I am wondering if this issue has to do with a compatability issue between the pennylane-qiskit plugin and the AerSimulator backend, because I noticed that the file aer.py was last updated five months ago, which I think was before the major Qiskit overhaul that happened this year, while the Qiskit Aer backend itself was updated last month. My technical specs are below. Any help that you can provide would be greatly appreciated.

Name: PennyLane
Version: 0.37.0
Summary: PennyLane is a cross-platform Python library for quantum computing, quantum machine learning, and quantum chemistry. Train a quantum computer the same way as a neural network.
Home-page: https://github.com/PennyLaneAI/pennylane
Author: 
Author-email: 
License: Apache License 2.0
Location: /N/u/justsing/Quartz/.local/lib/python3.11/site-packages
Requires: appdirs, autograd, autoray, cachetools, networkx, numpy, packaging, pennylane-lightning, requests, rustworkx, scipy, semantic-version, toml, typing-extensions
Required-by: PennyLane-Cirq, Pennylane-Pyquest, PennyLane-qiskit, pennylane-qulacs, PennyLane-Rigetti, PennyLane_Lightning, PennyLane_Lightning_GPU

Platform info:           Linux-4.18.0-553.8.1.el8_10.x86_64-x86_64-with-glibc2.28
Python version:          3.11.5
Numpy version:           1.26.4
Scipy version:           1.14.0
Installed devices:
- qiskit.aer (PennyLane-qiskit-0.37.0)
- qiskit.basicaer (PennyLane-qiskit-0.37.0)
- qiskit.basicsim (PennyLane-qiskit-0.37.0)
- qiskit.ibmq (PennyLane-qiskit-0.37.0)
- qiskit.ibmq.circuit_runner (PennyLane-qiskit-0.37.0)
- qiskit.ibmq.sampler (PennyLane-qiskit-0.37.0)
- qiskit.remote (PennyLane-qiskit-0.37.0)
- qulacs.simulator (pennylane-qulacs-0.36.0)
- lightning.gpu (PennyLane_Lightning_GPU-0.36.0)
- lightning.qubit (PennyLane_Lightning-0.37.0)
- cirq.mixedsimulator (PennyLane-Cirq-0.36.0)
- cirq.pasqal (PennyLane-Cirq-0.36.0)
- cirq.qsim (PennyLane-Cirq-0.36.0)
- cirq.qsimh (PennyLane-Cirq-0.36.0)
- cirq.simulator (PennyLane-Cirq-0.36.0)
- default.clifford (PennyLane-0.37.0)
- default.gaussian (PennyLane-0.37.0)
- default.mixed (PennyLane-0.37.0)
- default.qubit (PennyLane-0.37.0)
- default.qubit.autograd (PennyLane-0.37.0)
- default.qubit.jax (PennyLane-0.37.0)
- default.qubit.legacy (PennyLane-0.37.0)
- default.qubit.tf (PennyLane-0.37.0)
- default.qubit.torch (PennyLane-0.37.0)
- default.qutrit (PennyLane-0.37.0)
- default.qutrit.mixed (PennyLane-0.37.0)
- default.tensor (PennyLane-0.37.0)
- null.qubit (PennyLane-0.37.0)
- rigetti.numpy_wavefunction (PennyLane-Rigetti-0.36.0)
- rigetti.qpu (PennyLane-Rigetti-0.36.0)
- rigetti.qvm (PennyLane-Rigetti-0.36.0)
- rigetti.wavefunction (PennyLane-Rigetti-0.36.0)
- pyquest.mixed (Pennylane-Pyquest-0.1.0)
- pyquest.pure (Pennylane-Pyquest-0.1.0)

Hi @justin6626 ,

It looks like this is due to Qiskit not being able to find some data.

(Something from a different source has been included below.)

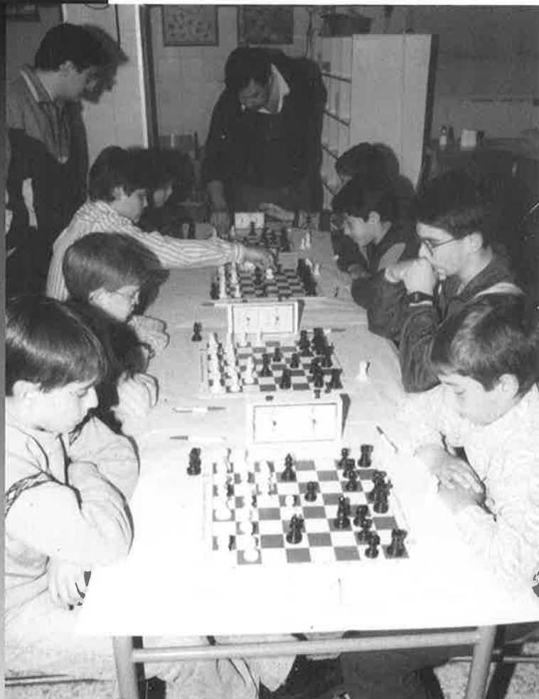
1 Torneig d'escacs escolar • 11 d'abril de 1992

If you look at the error message this is what’s causing the issue:

raise QiskitError(\'Data for experiment "%s" could not be found.\' % key)\nqiskit.exceptions.QiskitError: \'Data for experiment "circ0" could not be found.

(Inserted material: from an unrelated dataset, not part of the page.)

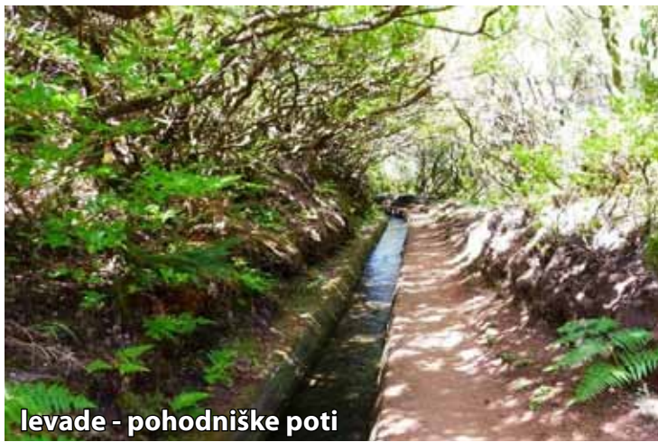
levade - pohodniške poti

I would recommend that you make a self-contained minimal working example in order to find the source of the issue.

A minimal (but self-contained) working example is the simplest version of the code that reproduces the problem. It should include all necessary imports, data, functions, etc., so that we can copy-paste the code and reproduce the problem. However it shouldn’t contain any unnecessary data, functions, …, for example gates and functions that can be removed to simplify the code.

If you’re not sure what this means then make sure to check out this video.

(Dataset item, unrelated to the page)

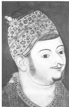
تصویر شماره ۲. سلطان ابراهیم عادلشاه از شاهان شیعه دکن

در نقشی از ابراهیم عادلشاه از شاهان شیعه دکن هندوستان بر کلاه ترمه او نقش بُته مشاهده می‌شود. ترمه به دلیل ظرافت در ساخت کلاه نیز مورد استفاده بوده است. این نقاشی متعلق به سال ۱۵۹۵ میلادی است (تصویر شماره ۲) (Zebrowski:1983:74)

Thank you very much for getting back to me!

Would the demo Turning quantum nodes into Torch Layers be closer to a minimal example for the purpose of using it as the foundation for the toy example I am trying to build?

Hi @justin6626 ,

Yes, absolutely! You can choose for example the sequential model (the first example in that demo) and then make a comment about every line that you’re modifying with respect to the demo. This will make it much easier to find the source of the problem!

Thank you very much! My apologies for the delay.

Here is the code for the smaller toy example:

import torch
import torch.nn as nn
import matplotlib.pyplot as plt
import numpy as np
from sklearn.datasets import make_moons
import pennylane as qml
########Qiskit imports for toy example########
from qiskit_aer import AerSimulator
from qiskit_aer.noise import (NoiseModel, QuantumError, ReadoutError,
    pauli_error, depolarizing_error, thermal_relaxation_error)
##############################################
    
from copy import deepcopy

device_list = [torch.device("cuda:" + str(i)) for i in range(torch.cuda.device_count())]
n_devs = len(device_list)


# Set random seeds
torch.manual_seed(42)
np.random.seed(42)

X, y = make_moons(n_samples=200, noise=0.1)
y_ = torch.unsqueeze(torch.tensor(y), 1)  # used for one-hot encoded labels
y_hot = torch.scatter(torch.zeros((200, 2)), 1, y_, 1)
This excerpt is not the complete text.